The traceability serializer validates its evidence class and terminal status through the shared Studio evidence-classification contract before returning public metadata.

The manifest is included in both /api/compile and /api/ir/emit-sv-direct responses. The Compiler Inspector displays the schema version, evidence class, terminal status, module name, and shortened source/RTL/manifest digests beside the generated RTL. Operators can export a compile evidence bundle directly from that traceability strip; the bundle records replay metadata for /api/ir/emit-sv-direct, the compile input digest, and the traceability digest note through the same admin evidence-bundle route used by the Admin panel.
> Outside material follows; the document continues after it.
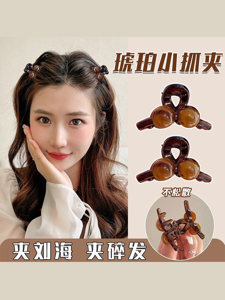 Tang Funi Amber Cherry Small Clip Women's 2024 New Hairpin Princess Head Bangs Clip Broken Hair Clip Shark Clip Hair Accessory Amber Ball Small Clip Pair

It deliberately contains no host-local paths.

Adaptive-precision formal bundles created through /api/adaptive-precision/formal-bundle use the same evidence-classification contract for their generated SymbiYosys-ready manifests: evidence_classification: "compile" and status: "completed" mean the bundle generation completed, while the embedded formal-claim flags remain fail-closed until external SymbiYosys execution evidence is attached.

The adaptive-precision planner accepts finite vector or matrix layer weights and rejects empty, non-finite, or higher-rank inputs before stochastic sensitivity sampling. This keeps Studio auto-tune and formal-bundle generation deterministic across NumPy runtime and coverage-instrumented environments.

Co-Simulation

The co-simulation view (accessible via the existing Q8.8 tab or the /api/ir/cosim endpoint) runs both a float64 Python simulation and a Q8.8 fixed-point simulation side by side. It reports:

  • max_error: worst-case absolute difference
  • mean_error: average difference
  • rms_error: root mean square difference
  • Error trace: per-timestep absolute error

This quantifies the precision loss from float-to-hardware conversion.